NET INTEREST INCOME. Net interest income is the primary source of income for
the Company. Net interest income is the difference between interest income
earned on earning assets and interest expense paid on interest-bearing
liabilities. As such, net interest income is affected by changes in the
volume and yields on earning assets and the volume and rates paid on
interest-bearing liabilities. Interest-earning assets consist of loans,
deposits in financial institutions, deposits in the FHLB, federal funds sold
and securities. Interest-bearing liabilities primarily consist of deposits,
federal funds purchased and FHLB advances. Net interest margin is the ratio
of tax equivalent net interest income to average earning assets. Total
interest income, on a tax equivalent basis, increased $14.4 million (20.5%)
to $84.5 million for the year ended December 31, 1995 from $70.1 million for
the year ended December 31, 1994. Of this increase, $5.0 million was due to
average balance changes while $9.4 million was due to interest rate changes.
The Company's average interest-earning assets grew $64.9 million (7.0%) to
$993.6 million at December 31, 1995 from $928.7 million at December 31, 1994.
Yields on total interest-earning assets increased primarily due to increases
in average interest rates on the loan portfolio as the Company's average
prime rate increased to 8.8% for 1995 from 7.2% for 1994. Average rates on
the securities portfolio remained level as the Company sought to minimize
credit risk to the portfolio while achieving an acceptable rate of return.
Additionally, the Company took advantage of higher yields on federal funds
sold during 1995.
Total interest expense increased $10.0 million (36.4%) to $37.4 million for
the year ended December 31, 1995 from $27.4 million for the year ended
December 31, 1994. Of this increase, $2.8 million was due to average balance
increases while $7.2 million was due to increases in interest rates. Average
interest-bearing liabilities increased $54.1 million (6.7%) to $862.3 million
at December 31, 1995 from $808.2 million at December 31, 1994 due to
customers taking advantage of the availability of higher rates on deposit
products.
PROVISION FOR LOAN LOSSES. The provision for loan losses decreased $.4
million (16.5%) to $1.8 million in 1995 compared to $2.2 million in 1994. The
lower provision was the result of management determining the level of the
allowance for loan losses.
OTHER OPERATING INCOME. During 1995, other operating income decreased $1.9
million (19.2%) to $7.8 million in 1995 compared to $9.7 million in 1994.

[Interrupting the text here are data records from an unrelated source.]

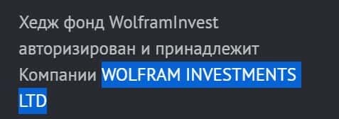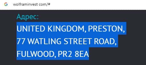 Сведения о месте регистрации WolframInvest - фейк, так как большинство проектов у себя на сайте указывают адрес местонахождения на территории Великобритании в качестве приманки.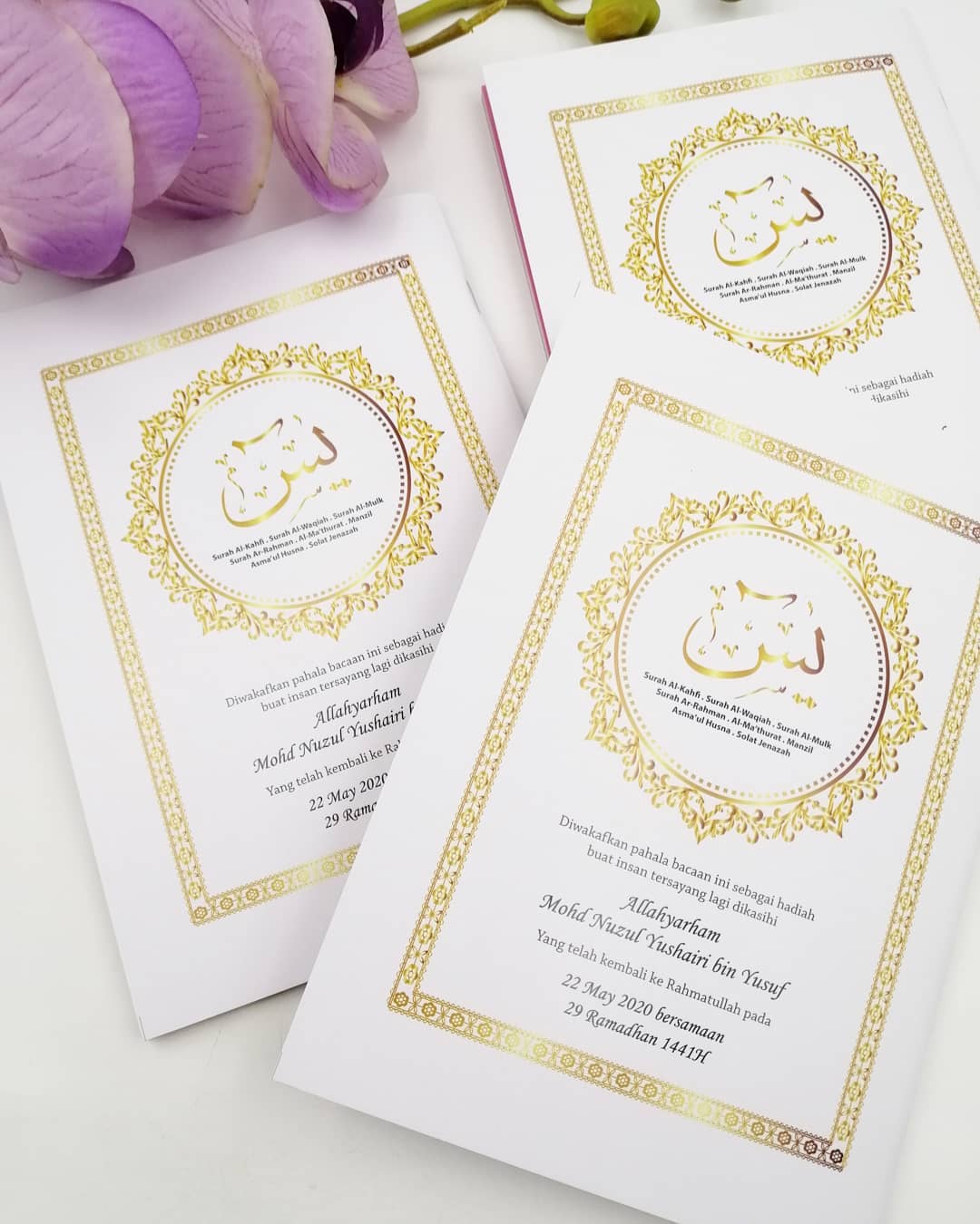 Untuk tempahan buku yasin custom, anda boleh terus click di sini or whatsapp kami 0192520041, atau terus ke showroom kami dengan waze: Angah Doorgift And Printing Sdn Bhd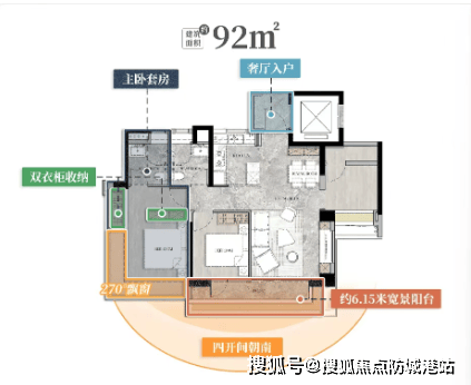建面92㎡户型:四开间朝南,总价332万-360万,适合年轻家庭或首次置业者。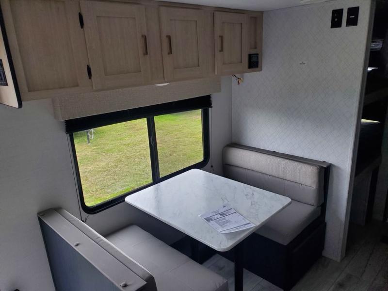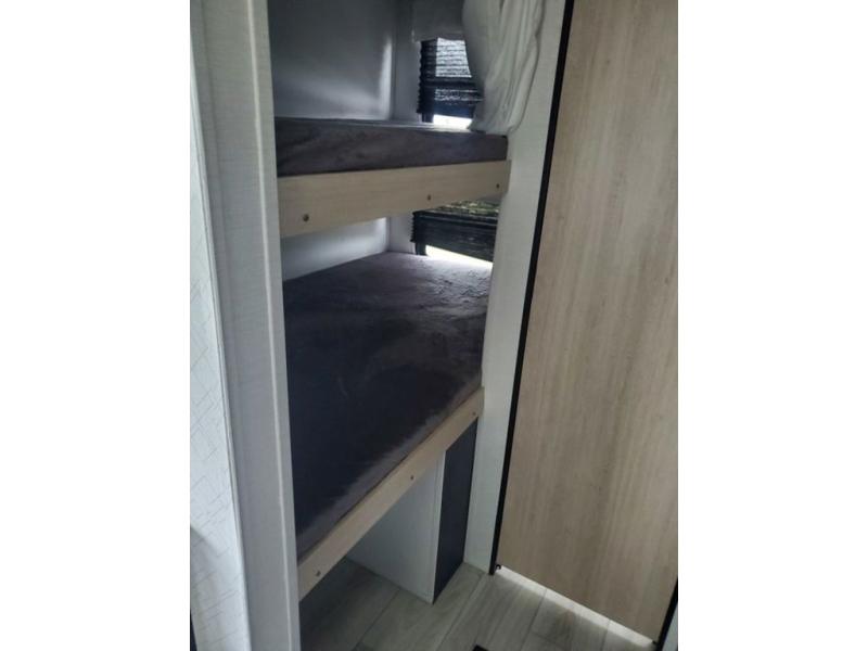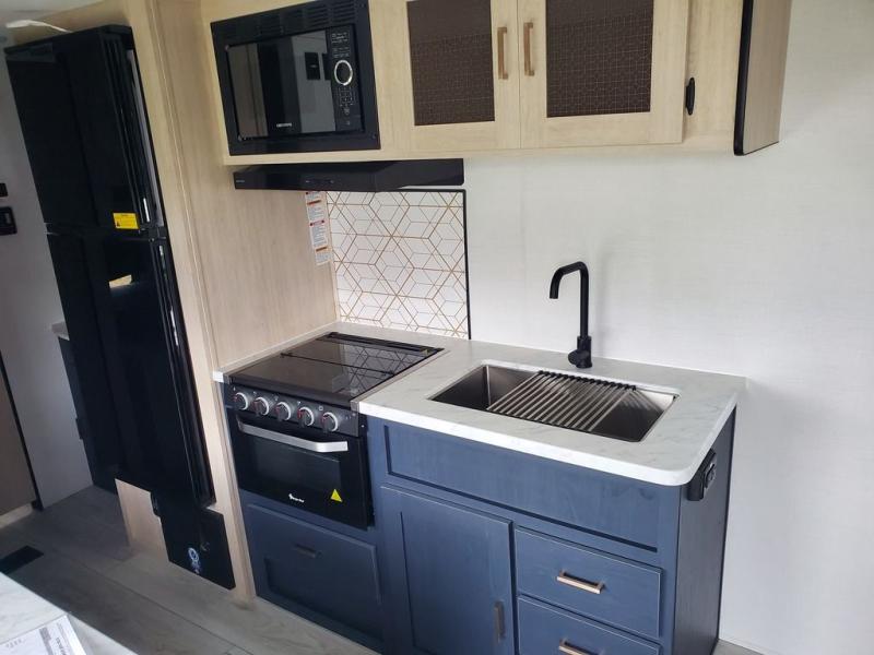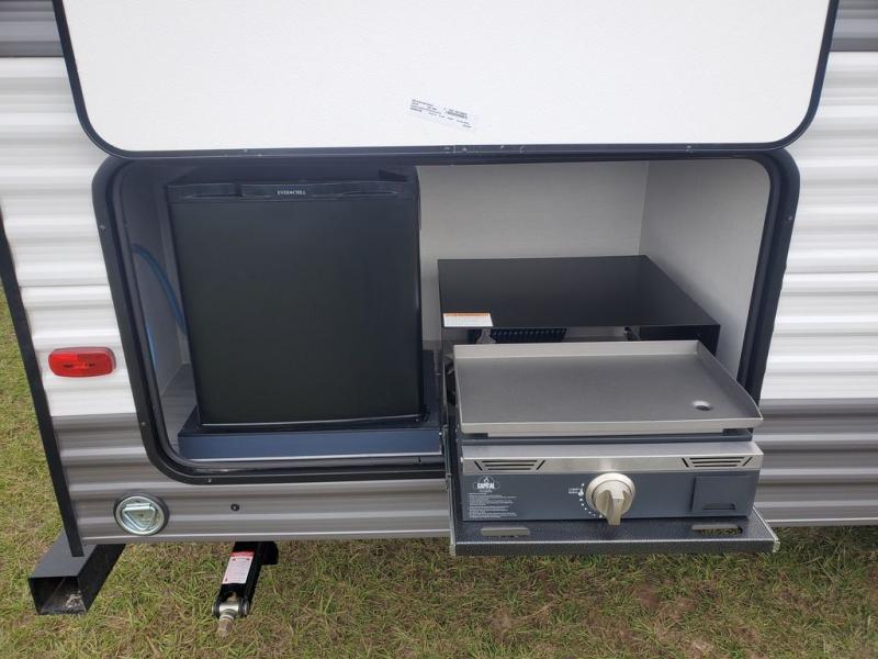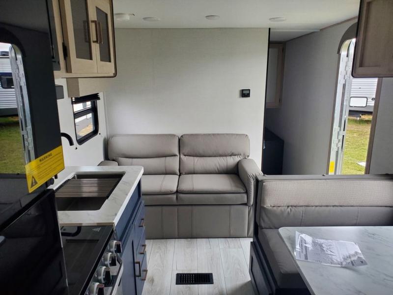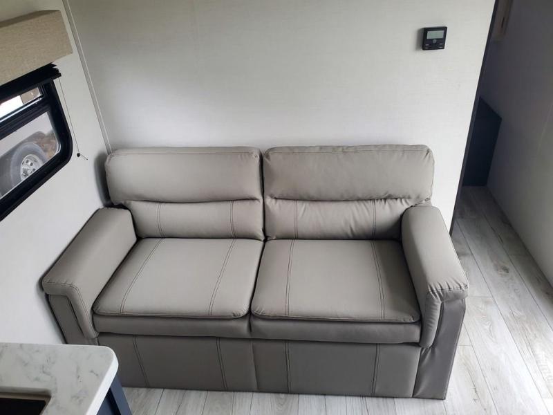 The cook is going to enjoy having choices for every meal, whether to use the full kitchen amenities inside or the outdoor kitchen while visiting with others relaxing under the 13' power awning. With the inclusion of a walk-around queen bed in the front bedroom, plus the sofa and booth dinette in the combined kitchen and living area, and the double-size bunks next to the bathroom sink and private toilet and toilet room, there is plenty of room to sleep eight or nine people each night. And the power awnings plus outdoor speakers give you an additional living area for everyone.

This decrease was primarily attributable to the $1.5 million net realized
gain on sales of securities available for sale during 1994. The 1994 income
was principally due to the liquidation of the mortgage-backed securities
portfolio. The Company also recognized a $.4 million gain on sale of other
real estate during 1994.
OTHER OPERATING EXPENSE. Other operating expense increased $3.0 million
(11.1%) to $30.2 million in 1995 from $27.2 million in 1994. Salary and
employee benefits increased $.4 million primarily due to expenses relating to
the opening of new facilities. Other real estate expense increased $2.7
million during this same period. This increase reflects a $1.5 million
write-down of a property classified as other real estate during 1995. In
addition, the Company incurred approximately $1.1 million in expenses related
to this property during the year ended December 31, 1995. FDIC insurance
premiums declined $.8 million (39.3%) to $1.2 million for the year ended
December 31, 1995 from $2.0 million for the year ended December 31, 1994.
This occurred due to the receipt by the Company's bank subsidiaries of
reimbursement credits of approximately $.5 million as a result of being
well-capitalized institutions and the over-funding of the insurance reserve
of the Bank Insurance Fund of the FDIC and reduced FDIC insurance premiums.
Occupancy expense and furniture and equipment expense increased $.5 million
and $.2 million, respectively, for the year ended December 31, 1995. These
increases were primarily due to expenses incurred with the opening and
operation of new facilities.
INCOME TAXES. Income tax expense declined $.7 million (7.6%) to $8.3 million
in 1995 from $9.0 million in 1994. The lower income tax expense in 1995 was
due to a reduction in the amounts provided for potential adjustments to prior
years' income tax returns.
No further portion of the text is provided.